» **DATA**
---*---

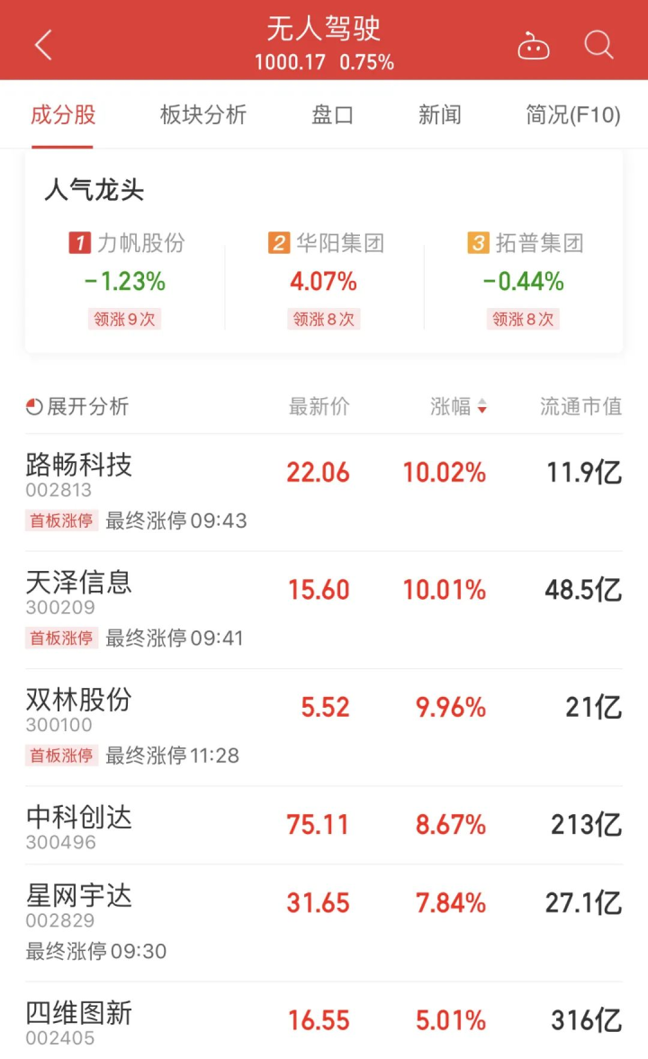 四就是这次自动驾驶网约车的正式亮相了。受这一消息影响,股市中的无人驾驶板块也集体走强,涨幅也在5-10%不等。
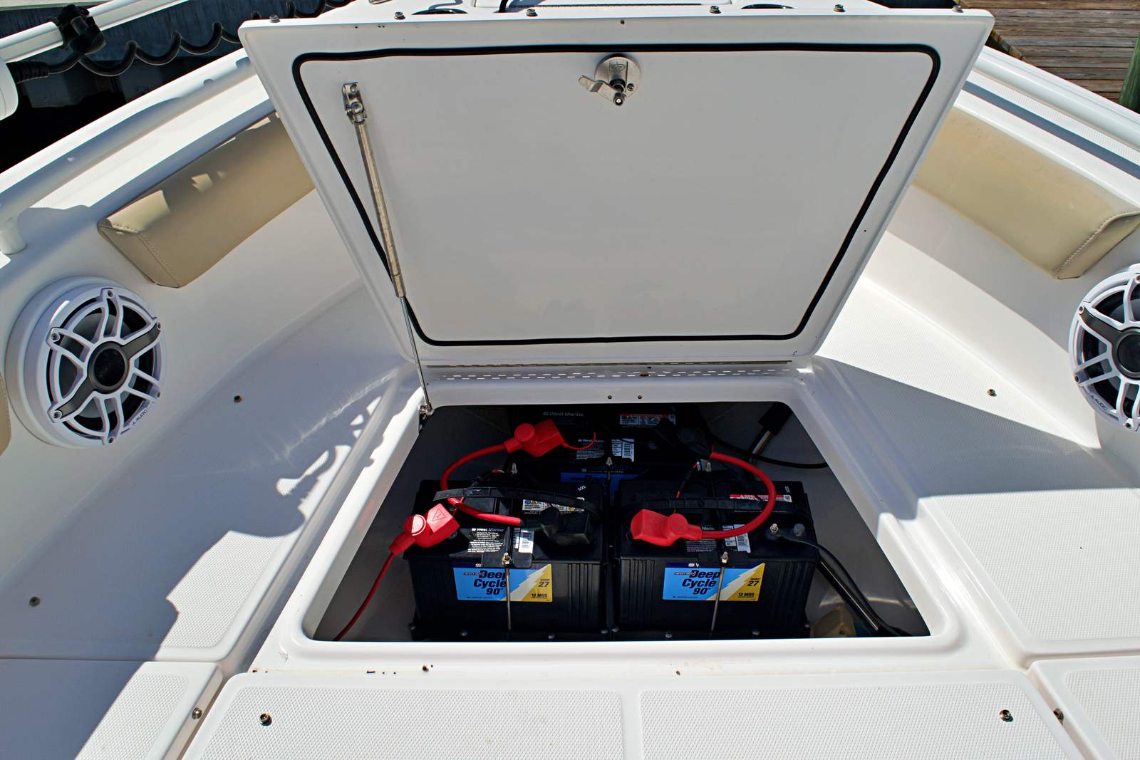 At the heart of this Everglades boat for sale is a powerful single engine delivering 300 horsepower. With 721 engine hours, this vessel has proven its reliability and capability, ready to provide many more seasons of enjoyment. The robust engine ensures quick acceleration, smooth cruising, and efficient fuel consumption, making every trip enjoyable and cost-effective. Whether you’re navigating choppy waters or gliding across calm bays, the Everglades 243 CC offers responsive handling and impressive stability, giving you confidence at the helm.
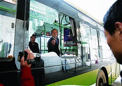 資料圖:11月26日,武漢街頭不明物體爆炸,一輛公交車受損,圖為公交車司機在查看受損情況。記者石一 攝
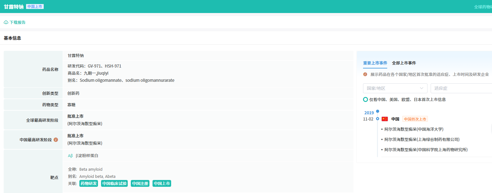2019年11月,绿谷医药的甘露特钠胶囊获国家药监局有条件批准上市,获批适应症为“用于轻度至中度阿尔茨海默病,改善患者认知功能”;2021年,该药品获纳入国家医保目录。
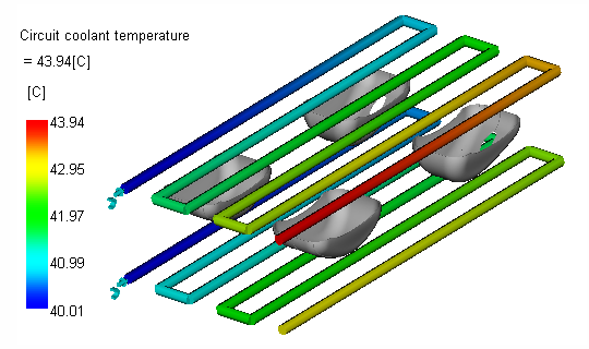 Click the Circuit metal temperature result. The circuit metal temperature is best when less than 5°C above the coolant inlet temperature, in this case 40°C. Both the circuit coolant temperature and the circuit metal temperature indicate a problem.
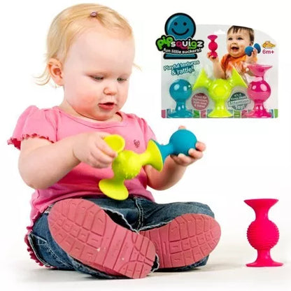 Pristatome tobulą žaislą, išlaikantį kūdikio dėmesį! Kas nutinka, kai mažyliai susiduria su žaismingomis spalvomis, smagiais garsais, naujomis lytėjimo patirtimis ir super-siurbtukais? Atsakymas – „pipSquigz“!
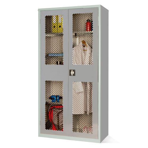 Mesh door cabinet, ideal for keeping an eye on contents and providing ventilation for workwear.
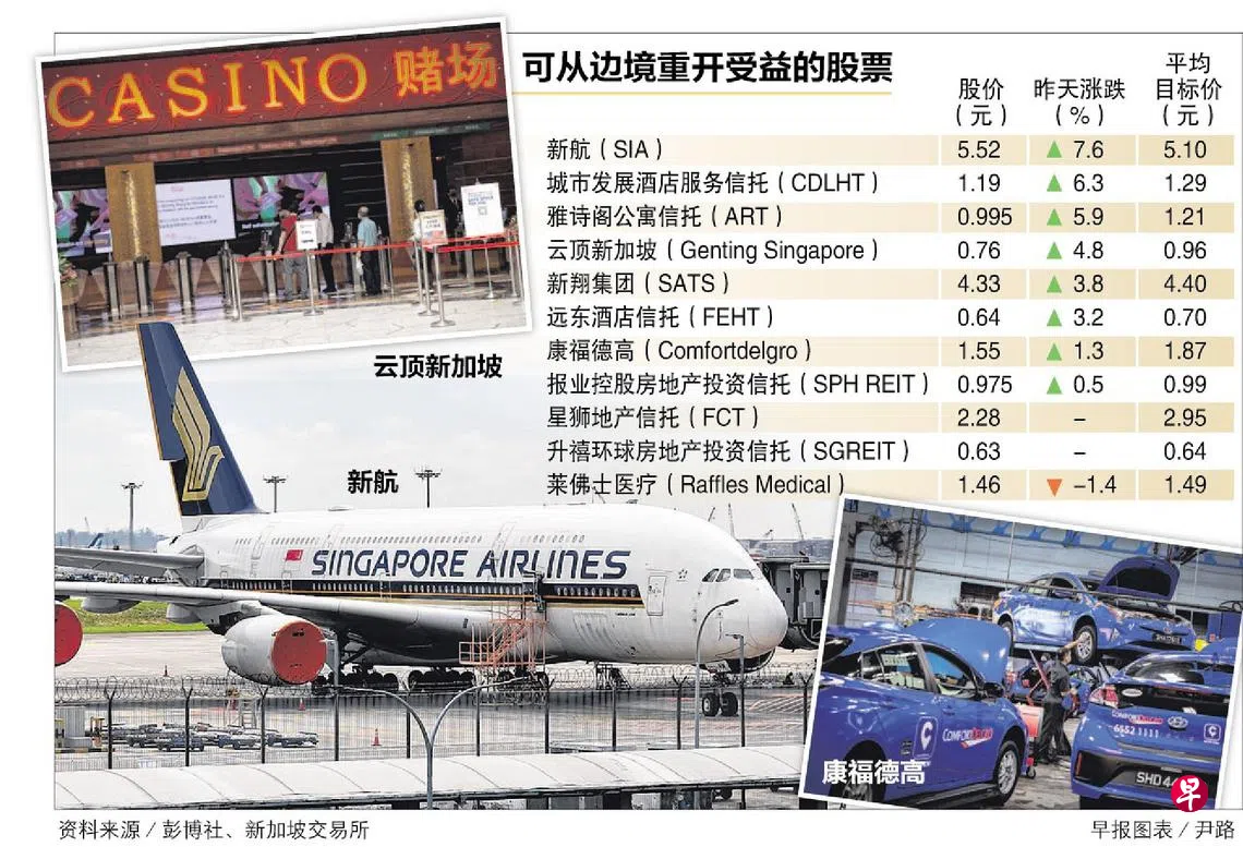 随着政府周六(10月9日)宣布进一步开通疫苗接种者旅游走廊,分析师指出,新加坡加紧开放边境,之前最受疫情冲击的航空股、酒店股、交通股和旅游相关股等将显著受益。

---*---

» **WHAT THIS TASK INVOLVES**
When you write out the data, keep every line exact and drop the pictures.

» **TASK SOLUTION**
 四就是这次自动驾驶网约车的正式亮相了。受这一消息影响,股市中的无人驾驶板块也集体走强,涨幅也在5-10%不等。
 At the heart of this Everglades boat for sale is a powerful single engine delivering 300 horsepower. With 721 engine hours, this vessel has proven its reliability and capability, ready to provide many more seasons of enjoyment. The robust engine ensures quick acceleration, smooth cruising, and efficient fuel consumption, making every trip enjoyable and cost-effective. Whether you’re navigating choppy waters or gliding across calm bays, the Everglades 243 CC offers responsive handling and impressive stability, giving you confidence at the helm.
 資料圖:11月26日,武漢街頭不明物體爆炸,一輛公交車受損,圖為公交車司機在查看受損情況。記者石一 攝
2019年11月,绿谷医药的甘露特钠胶囊获国家药监局有条件批准上市,获批适应症为“用于轻度至中度阿尔茨海默病,改善患者认知功能”;2021年,该药品获纳入国家医保目录。
 Click the Circuit metal temperature result. The circuit metal temperature is best when less than 5°C above the coolant inlet temperature, in this case 40°C. Both the circuit coolant temperature and the circuit metal temperature indicate a problem.
 Pristatome tobulą žaislą, išlaikantį kūdikio dėmesį! Kas nutinka, kai mažyliai susiduria su žaismingomis spalvomis, smagiais garsais, naujomis lytėjimo patirtimis ir super-siurbtukais? Atsakymas – „pipSquigz“!
 Mesh door cabinet, ideal for keeping an eye on contents and providing ventilation for workwear.
 随着政府周六(10月9日)宣布进一步开通疫苗接种者旅游走廊,分析师指出,新加坡加紧开放边境,之前最受疫情冲击的航空股、酒店股、交通股和旅游相关股等将显著受益。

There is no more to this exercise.